Context and Goal

This algorithm is designed to optimize a sequential production line consisting of an undefined number of machines and different product types. The main objective is to determine the most efficient production sequence that minimizes production line downtime.

To achieve this, the algorithm integrates:

• A production simulation based on survival functions and degradation models
• An optimization approach using Simulated Annealing

Each machine has an associated survival probability function, which determines the probability of a machine continuing to operate without failure or requiring maintenance based on the number of cycles it has completed. This probability is used to schedule maintenance strategically, preventing breakdowns.

Table of Contents

1. Algorithm Description
2. Algorithm Flow and Logic
3. Repository Organization

1. Algorithm Description and Parameters

1.1. Some Assumptions/Considerations

• The production and production line follow a sequential order.
• A product moves to the next machine only after completing all operations on the previous one.
• The duration of maintenance is the same for all machines, and is measured/defined in cycles.
• A timeslot refers to the duration of a single machine cycle, and this duration is the same for all machines.
• The machines can have different survival functions.
• If one machine is under maintenance, all others must pause production.
• More than one machine can be under maintenance at the same time.

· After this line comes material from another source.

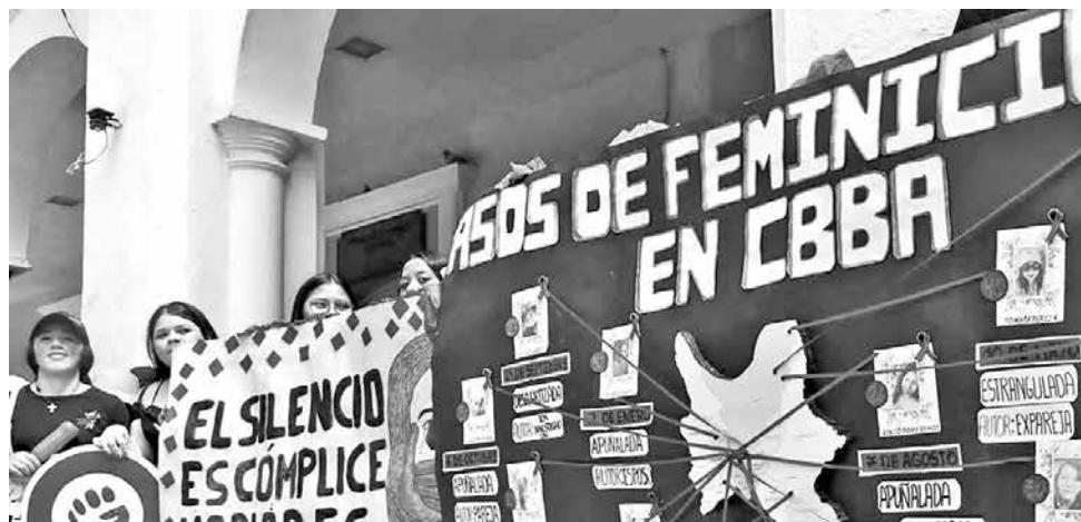
Una marcha en contra de los feminicidios en Bolivia. AXCVXCV

“Se presentaron todos los elementos de convicción, como el registro del lugar, declaraciones testimoniales, informe de autopsia, entre otros, que demuestran de manera irrefutable que el sujeto es el autor del delito”, explicó.

1.2. Simulation Parameters

1.2.1. Cycle Mapping

Each product type requires a fixed number of operating cycles on specific machines. This relationship is defined as the "Required Production Cycles per Product per Machine" mapping.

For example, consider a product A0 that needs to pass through two machines (m1 and m2) with the following production requirements:

{
    "m1": {"A0": 5},
    "m2": {"A0": 7}
}

For a real-world analogy, imagine m1 and m2 as welding machines and A0 as a car door, where m1 must perform 5 welds on the car door, and m2 performs 7 additional welds before the product is complete. So this mapping ensure that the production can be scheduled considering for different product types their machine requirements.

1.2.2. Minimum and Maximum Survival Probability for Maintenance

It is considered that machines require maintenance at specific survival probability thresholds. For example, when the survival probability of a machine falls within the defined range (for instance, between 0.2 and 0.3), the machine must undergo maintenance. This ensures that machines are repaired before the risk of failure becomes too high, while avoiding unnecessary early maintenance. Example:

    s_maintenance_min = 0.2
    s_maintenance_max = 0.3

1.2.3. Initial Machine Cycles

Each machine starts the simulation with a predefined cycle count that represents the number of production cycles completed since the last maintenance. It must be clear that a machine that has just undergone maintenance starts at 0 cycles. With each production cycle, the count increases by 1.

For example, if a machine has an initial cycle count of 1400, it means that before the start of the simulation, the machine had already operated for 1400 production cycles. The cycle count is used to monitor the machine's state over the production, helping to determine when maintenance is required. Example:

    initial_cycles = {
                        'm1': 7900,
                        'm2': 1400,
                        'm3': 3581
    }

1.2.4. Maintenance Duration

This defines how long a machine remains unavailable while undergoing maintenance, measured in cycles.

    maintenance_duration = 5 

1.3. Production Requirements

Once the simulation parameters are set, the production requirements must be defined:

1.3.1. Available Machines

Specifies which machines are operational and available for production. The machines are labeled m1, m2, and so on. Example:

  operating_machines_list = ['m1','m2, m3']

1.3.2. Product Types and Quantities

Defines how many units of each product type need to be produced during the simulation. The product types follow the format A0, A1, etc. Example:

production_requirements_dict = {  
        "A0": 30,
        "A1": 30,
        "A2": 40,
        "A3": 40
    }

2. Algorithm Flow and Logic

In this section the production simulation and optimization will be described.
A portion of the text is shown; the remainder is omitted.